YouTube Transcription #73 Jimmy Fallon
Jimmy Fallon, US talk show host, impersonates Donald Trump.
Clinton: Hello. Who’s this?
Trump (Fallon): Congratulations, you’re speaking to Donald Trump.
C: Oh, hello Donald.
T: How are you, Hillary? I haven’t seen you since my last wedding.
C: Well, I’m sure I’ll see you at the next one.
T: Anyway, I’ve just finished the GOP debate. As usual, I was fantastic. Everyone loved me. Now look, I know you’re about to go for your interview with Jimmy Fallon, but he’s a total lightweight, so I’m going to do him a favour and interview you instead.
C: That’s great. You know how much I love being interviewed, as long as you don’t start talking over me when I’m trying to make a point…
T: Yeah, question 1 – You recently said, quote, Mr. trump insults and dismisses women, but tell me – what would you do to help women in this country?
C: You know, Donald, I’ve spent my entire career fighting for women’s rights. I’ll push for equal pay in the workplace, for protecting women’s health and reproductive rights, for making quality affordable childcare a reality for families. That’s what I believe in, that’s what I’m fighting for. You know, I’m really curious Donald, erm, what is your stance on women’s issues?
T: Look, I know a lot of women, and they all have issues. Next question – How do you plan to get your message across to the American people?
C: Well, look, Donald. It’s a long campaign and I’m travelling across our great nation, I’m listening to people’s stories, I’m confident Americans will see I will deliver for them, that they can count on me for them and their families.
T: See? You sound like a robot! Bleep, blop, bleep, blop, does not compute. You want to win? Here’s what you gotta do… first: yell. I yell all the time. In fact, this phone isn’t even plugged in; I just yell. And you’re hearing me, ok? Next: Pick three things everyone loves and say you hate them. Watch… Puppies – stupid, rainbows – total losers, fall foliage – tree puberty. Are you writing all this down?
C: Hold on, let me grab my pen. Ok Donald, I got it.
T: Next question: Immigration.
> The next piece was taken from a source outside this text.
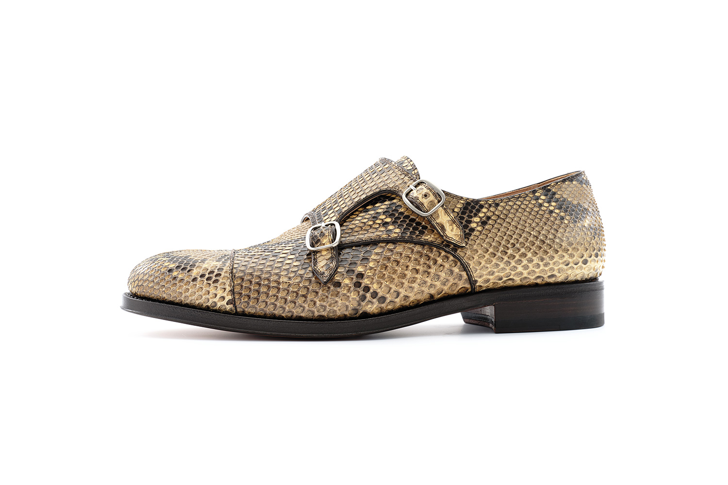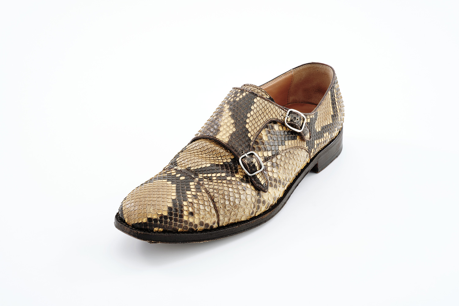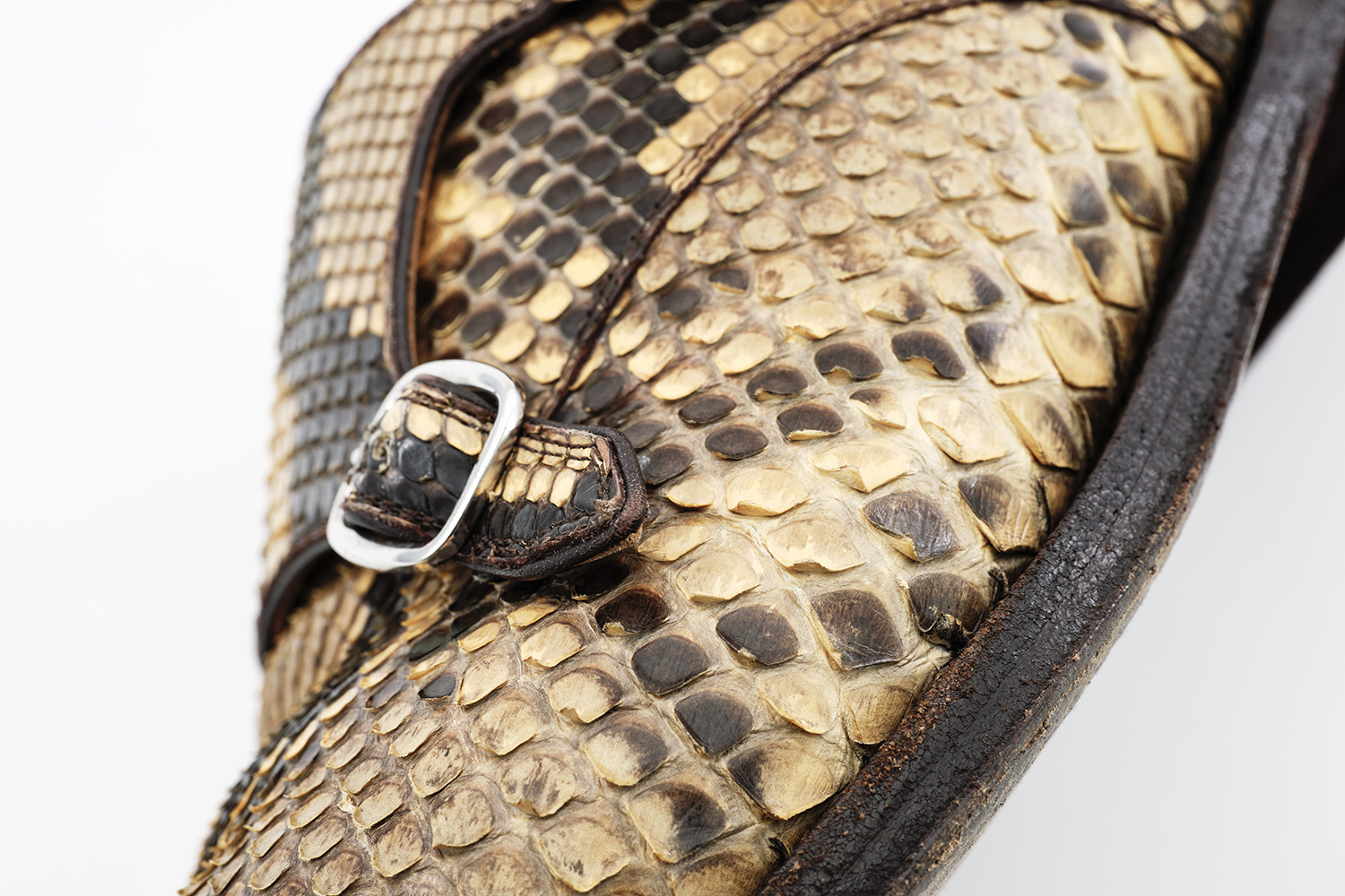 高い技術を有した職人が手裁断で柄合わせしたダイヤモンドパイソン。雨の日でも履いていますが、水染みはできていません。鱗の先は捲れてきますが剝がれることはありません。牛革と同じく屈曲部は裂けてくると思いますが牛革より柔らかく、同等の強度と言われます。特にメンテナンスはしていません。服を着た後で困った時に便利な一足です。

Wall or giant wall?
C: You know, come on Donald! America was built by people who came here. They worked their hearts out for a better life and that’s what many immigrants are doing today, their dream is to become American citizens. You know, you’re trying to stop them. I mean, do you have any idea what it’s like to work so hard for something, to be so close to getting it, that someone pops out of nowhere and tries to take it all away?
T: Are you talking about Bernie Sanders? I hate to say this, but I think he’s losing his hair. I hate to say it. He’s a great guy, fantastic. I hate to say it.
C: At least he doesn’t have just one strand that he twirls over his head like a soft serve at Dairy Queen.
T: Toupee… I mean touché. Anyway, you’re welcome for this interview, I just really helped your campaign. Your poll number’s going to be fantastic. They’re gonna be big.
C: Don’t you mean they’re gonna be “huge”?
T: That’s right, they’re gonna be huuuuuge! Cue the music.
lightweight – meaning not powerful, originally a boxing category
have issues – have complaints, have problems
our great nation – the US politician’s way of saying USA
pops out of nowhere – appears suddenly, unexpectedly
I hate to say this, but – said before reluctantly giving bad but important news, but Trump says this before saying something insulting that he actually does not have to say
touché – an acknowledgement of losing a point to an opponent, from fencing, literally meaning ‘touch’ in French.